(Records from a collection)
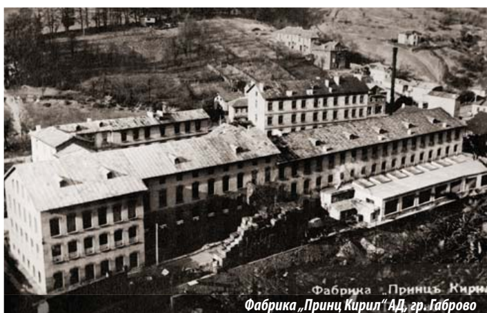
Фабрика „Принц Кирил“ АД, гр. Габрово
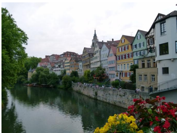
Il centro a Tübingen
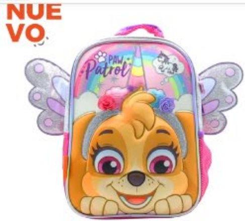
Mochila Cresko Paw Patrol Espalda...
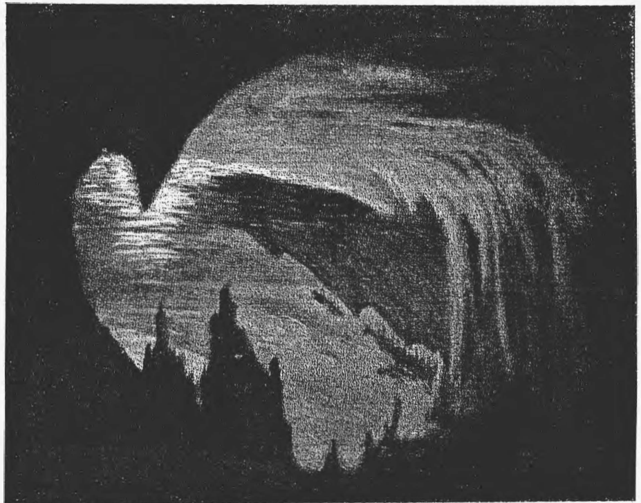
«Пелей и Мелисанда»
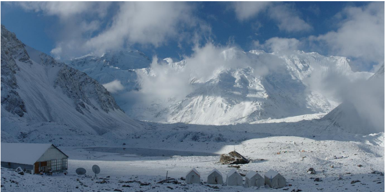
11 pav. Bazinė stovykla po kelių dienų
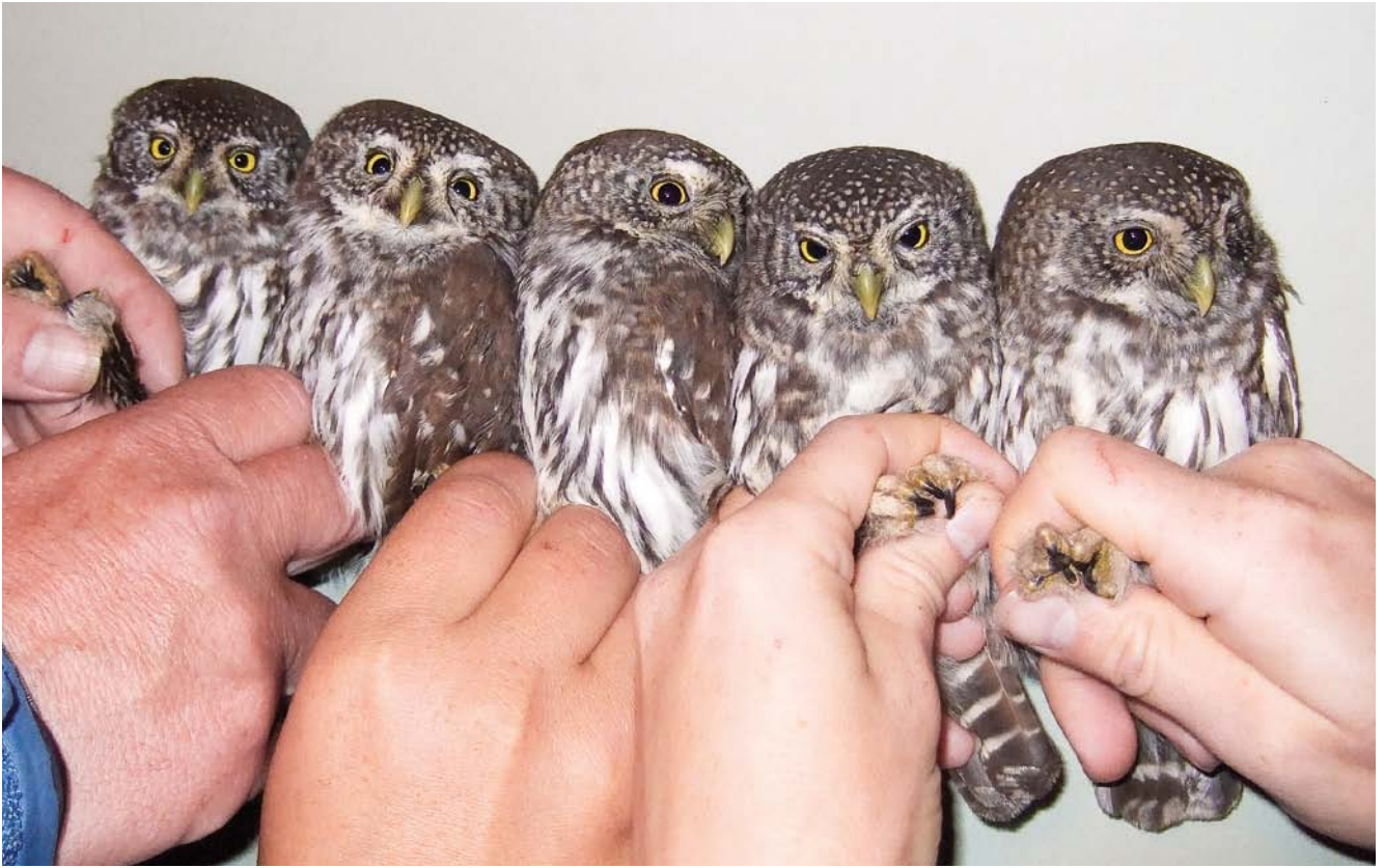
Täyskäsi varpuspöllö Glaucidium passerinum.
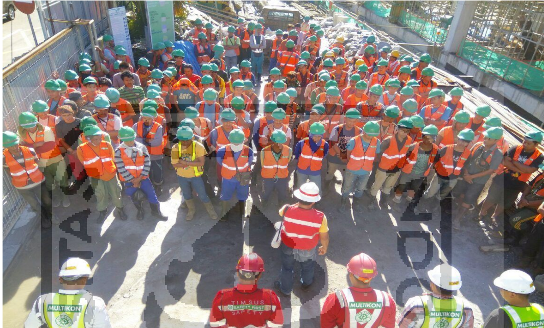
Gambar L-1.1 Para Pekerja Memakai APD Lengkap
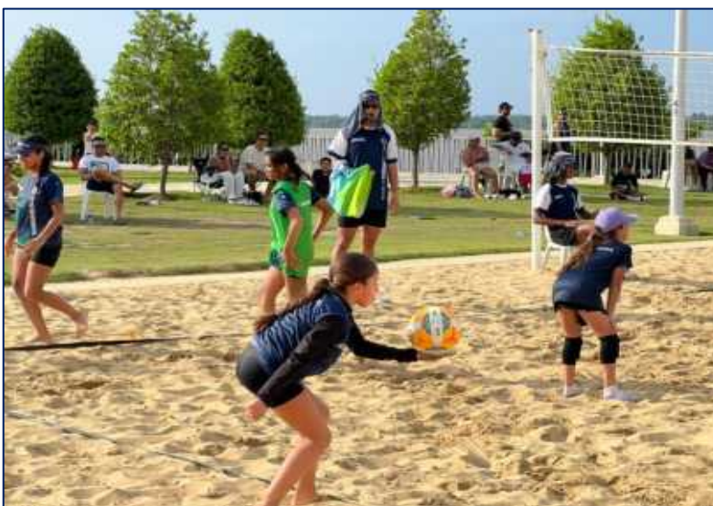
Grupo de niñas recibiendo clases de VOLEYPLAYA en el Gran Malecón
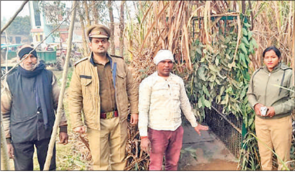
तेंदुए को पकड़ने के लिए पिंजरा लगती वन विभाग की टीम।

ग्रामीणों के अनुसार बीते कई दिनों से तेंदुआ आबादी के आसपास खुलेआम विचरण करता देखा जा रहा है। खेतों में कार्य करने गए किसानों ने कई बार तेंदुए को झाड़ियों और गन्ने के खेतों के बीच घूमते हुए देखा, जिससे ग्रामीणों में भारी दहशत फैल गई है। सुरक्षा की दृष्टि से बच्चों, महिलाओं और बुजुर्गों को घरों से बाहर निकलने से रोक दिया गया है। ग्रामीणों की सूचना पर वन विभाग की टीम मौके पर पहुंची और ग्रामीणों के सहयोग

→ **What to do**
Repeat the records exactly, without the pictures.

→ **Answer below**
Фабрика „Принц Кирил“ АД, гр. Габрово
Il centro a Tübingen
Mochila Cresko Paw Patrol Espalda...
«Пелей и Мелисанда»
11 pav. Bazinė stovykla po kelių dienų
Täyskäsi varpuspöllö Glaucidium passerinum.
Gambar L-1.1 Para Pekerja Memakai APD Lengkap
Grupo de niñas recibiendo clases de VOLEYPLAYA en el Gran Malecón
तेंदुए को पकड़ने के लिए पिंजरा लगती वन विभाग की टीम।

ग्रामीणों के अनुसार बीते कई दिनों से तेंदुआ आबादी के आसपास खुलेआम विचरण करता देखा जा रहा है। खेतों में कार्य करने गए किसानों ने कई बार तेंदुए को झाड़ियों और गन्ने के खेतों के बीच घूमते हुए देखा, जिससे ग्रामीणों में भारी दहशत फैल गई है। सुरक्षा की दृष्टि से बच्चों, महिलाओं और बुजुर्गों को घरों से बाहर निकलने से रोक दिया गया है। ग्रामीणों की सूचना पर वन विभाग की टीम मौके पर पहुंची और ग्रामीणों के सहयोग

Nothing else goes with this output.